Oliver and I knocked on Umbridge’s door and she waved us through, not seeming surprised to see us at all. It was not my favourite way to start a Monday morning, but it was an increasingly common one.


“Oliver, Amelia,” she greeted us with a little smile. “I thought I might be seeing you here today. Educational Decree Twenty-Five?”


“What you’re doing with it, more specifically,” I told her. “We’ve had a student express concern about your handling of the Gryffindor Quidditch team and, as advocates of the students, are obliged to pass on those concerns.”


“I see.” She clasped her hands in front of her. “Were you at the match, Amelia?”


“No.”


“Then you didn’t see the animalistic manner in which those boys behaved,” she told me. “Though I’m sure your team’s Seeker can testify to their brutality – I’m sure you’ve seen Draco Malfoy around the common room, sporting grievous injuries.”


“Draco Malfoy is an attention-seeking prick,” I interrupted. “He’s hardly a suitable gauge for the scale of injuries. But that’s not the point.”


“Oh? Then what is the point, Amelia?”


“The way you’re using the Decree,” I told her bluntly. “I don’t know Harry Potter, and judging by how well-known he is in the school I’m assuming he’s as much of an attention seeker as Malfoy, but I know the Weasley twins and they’re not violent by nature. A lifelong ban for a momentary lapse in judgement is, I feel, excessive.”


“And detention, as their Head of House was suggesting, is insufficient. We cannot condone violent behaviour, and – if I may say such things – Professor McGonagall is rather blind to Potter’s faults, in particular. If I had not stepped in, those boys, and Potter in particular, would still believe violence is an acceptable way to sort differences. Tell me, what do you think a sufficient punishment for them would have been?”


“Professor McGonagall is harsh, but fair. I would have gone with her punishment – she’s an experienced teacher and knows the boys concerned well enough to know what would dissuade them.”

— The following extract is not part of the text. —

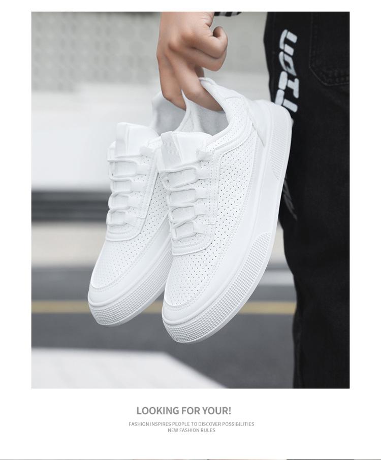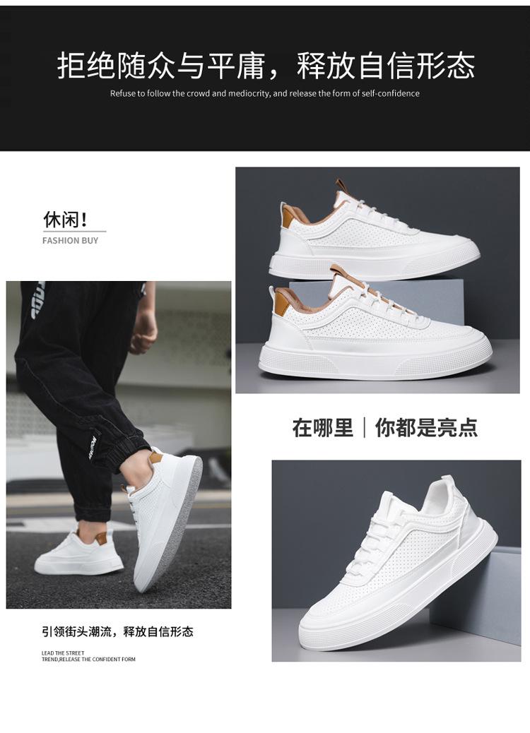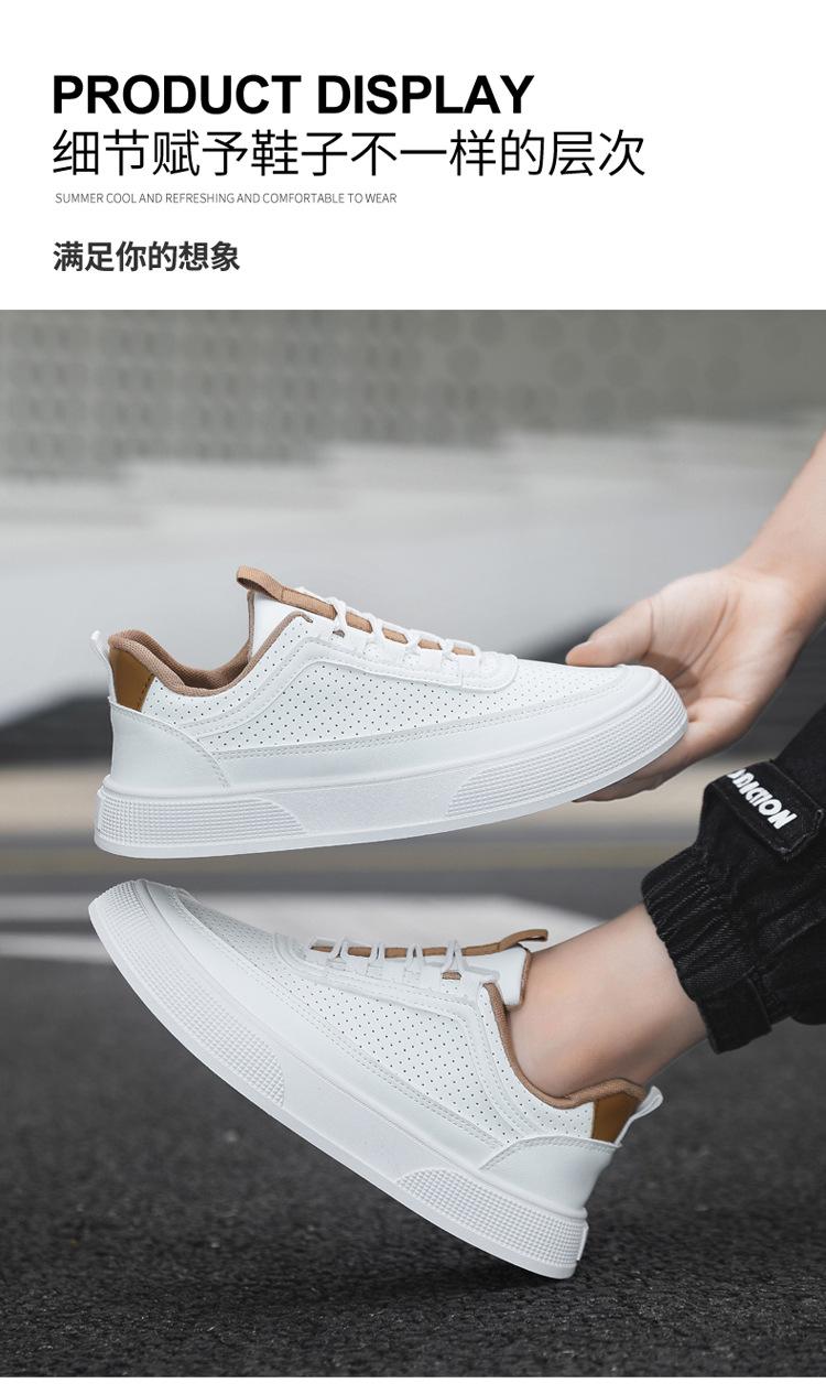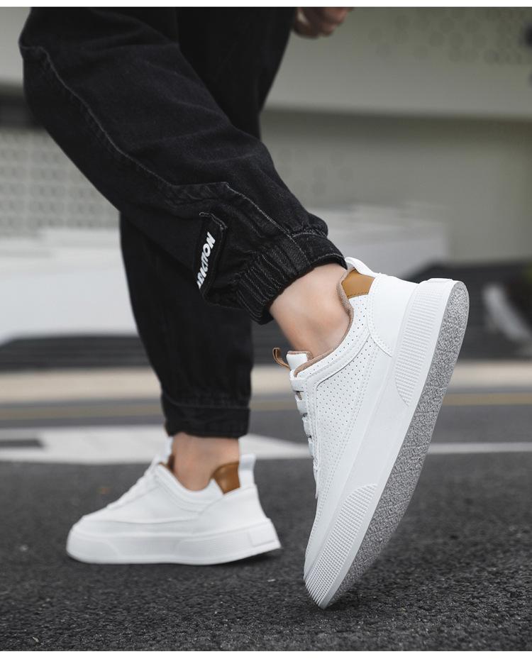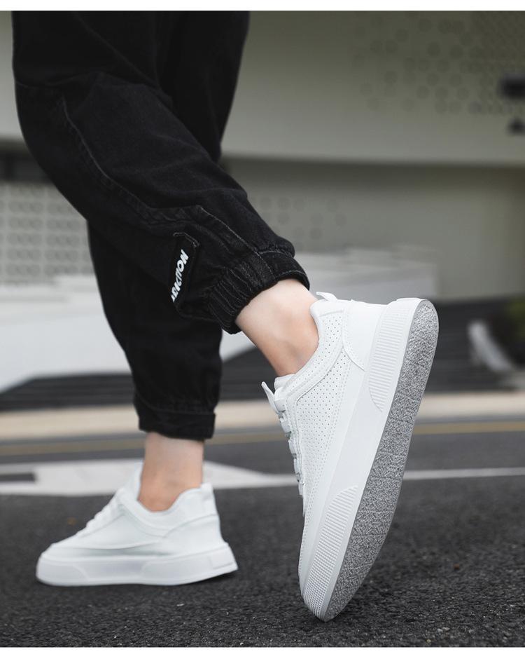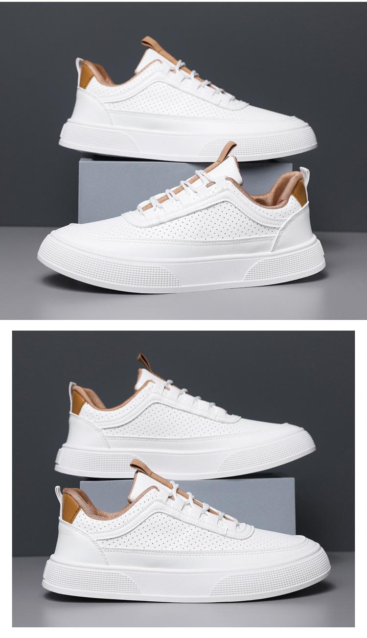 Zapatos blancos de primavera para hombre, parte superior de cuero perforado, transpirables, de caña baja, con suela blanda, informales, de moda y de talla grande.

“I’m afraid I don’t share your views.”


“Professor McGonagall is the best teacher this school has.”


“Well, that paints a rather poor picture of the school, doesn’t it?”


I gritted my teeth, trying to remain calm. “I understand you’re trying to set a precedent. But the teachers here, and particularly the Heads of Houses, have years of experience with students which you don’t have. Overriding their authority and assigning punishments yourself—” I trailed off, at a loss for words, and fidgeted with the edge of my robes – “The school and the Ministry are separate for a reason, and the Ministry – the Ministry is good at what it does, but it’s wrong to be invading the school this much. The Ministry has itself to think about, and its own agenda, and that has no place in a school.”


“My dear,” Umbridge began with a simpering smile, her voice laced equally with sugar and poison, “I must have misheard you. Because it seemed for a moment that you think the Ministry isn’t working for the best interests of all wizardkind.”


“I’m sure the Ministry has the best intentions," I said cautiously, “But the staff at Hogwarts are trained and experienced teachers. They know what they’re doing.”


“Unfortunately,” she responded in a clipped voice, all pretence of sweetness gone, “The teachers at Hogwarts, particularly those with the highest authority, hold dangerous views that threaten the entire wizarding world. I am here to prevent, to the best of my ability, those views manifesting in an attack on the Ministry. I am not a teacher, but I am a peacekeeper. And next time you question my decisions, remember that.”


“Yes, Professor,” I muttered.


“And if you continue to question me – well,” she said, with a slight giggle, “We both know who has more power at this school.”